Regarding the megapixels of the 1D X, Canon didn't get away with anything, nor were they conservative with anything. It's so funny how short peoples memories are. I remember, very very clearly, the loudest and most vocal outcry from Canon customers before the releases of the 1D X, D800, 5D III, and D4. The loudest demand, by a very LARGE margin, was: "Fewer megapixels! Better high ISO!" That was what people wanted, was VERY MUCH what people wanted from the 1D IV/1Ds III successors. Canon didn't skimp, get away with, nor was conservative with the 1D X. They delivered EXACTLY what their customers literally demanded. For those who can afford it, it seems to be a raging success as well. It's converted more than a few pro Nikon shooters to the Canon camp, and has made raving fans of existing Canon 1D/1Ds users.

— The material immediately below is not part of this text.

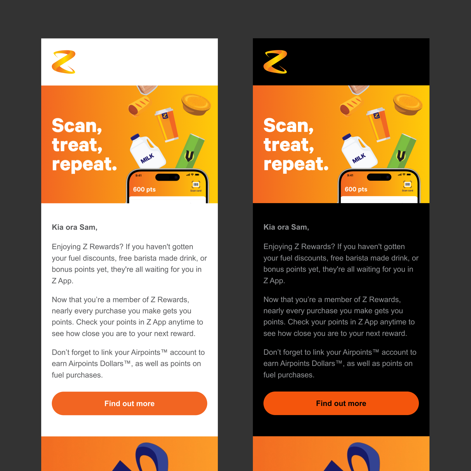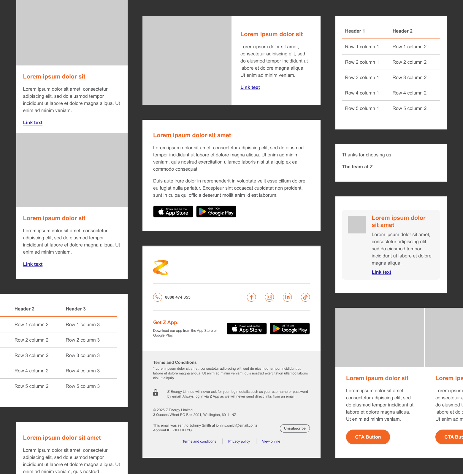 Z Energy’s existing SFMC email templates were no longer fit for purpose, so we were tasked with creating a new system that felt more modern and considered, while also acting as a scalable foundation for all future consumer email communications.
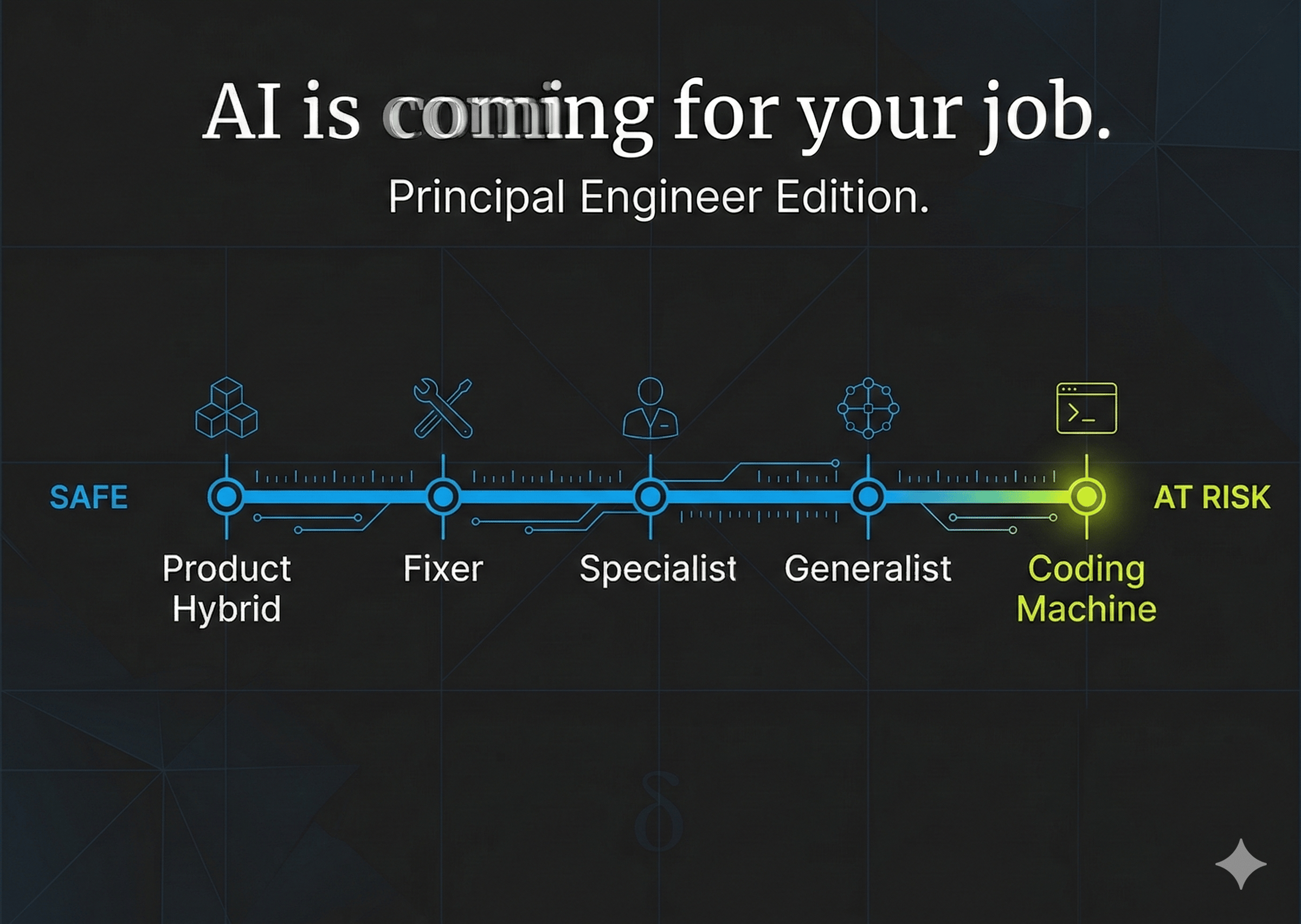 The δeltas newsletter March 10th The coding machine is dead. What's next? ↓ This post is based on the video above, adjusted for readability. Read or watch, which ever you prefer. AI is coming for your job. Principal Engineer Edition. Meta has a set of archetypes for IC7 (Senior Staff Engineers) and up. Michael Novati was the poster child of one of them. He recently talked about how AI made his archetype deprecated. That got me thinking. What's the risk for each archetype, and how can senior...

There is no chance the 7D II is ever, ever, ever, ever, EVER going to "trounce" anything with a larger sensor. Just not gonna happen. Again, outside of the one caveat I mentioned, the IQ you get from a sensor really has nothing to do with the pixels. Improvements in pixel technology are primarily going to reduce read noise, which is already a very small factor in the deep shadows, and secondarily improve sensitivity. The quantum efficiency, Q.E., of the 7D is already at 41%. To double the noise performance, Canon would have to achieve 82% Q.E. I know of sensors that can achieve 82% Q.E. at around 650-600nm, but all of them require significant cooling to do so...usually a Delta-T of -50°C or more. That kind of cooling requires a lot of power (for example, most high Q.E. Astro CCD cameras use two- or three-stage peltier cooling...a peltier, or TEC is a thermoelectric cooling device that uses a P-N transistor matrix to create an electronic heat pump...they draw significant amounts of energy.)
Now, assuming Canon did somehow manage to improve the Q.E. of their sensors to 82% at average operating temperatures (pretty much not possible, dark current is going to be very high at operating temperatures of 60°F and above) but just for the sake of discussion, let's assume they do. At 82%, they can double their noise performance (reduce noise by half). That still doesn't cut it. The 1D X has a total sensor area that is 2.6x greater than the 7D (and any potential 7D II), so you would at least need to increase the 7D II's Q.E. by 2.6x instead of just 2x. Well, that isn't actually possible. To double Q.E. again beyond 82%, you would need 164%...but you can't have better than 100% Q.E. (quantum efficiency is the ratio of conversion of photons to released electron charge in a photodiode...you cannot convert more than 100% of the incoming photons.) You can't even get that .6x better than 82%, because that would require another 50% Q.E....or 131%.
All that matters in this particular area is total sensor area. So long as Canon does not make the 7D line use at least a FF sensor, it will never be able to "trounce" the 1D X in terms of equivalent IQ. In terms of reach, all that matters is how big the subject is reproduced on the sensor...in which case smaller pixels mean more detail, but total light gathered for your subject is roughly the same regardless of sensor.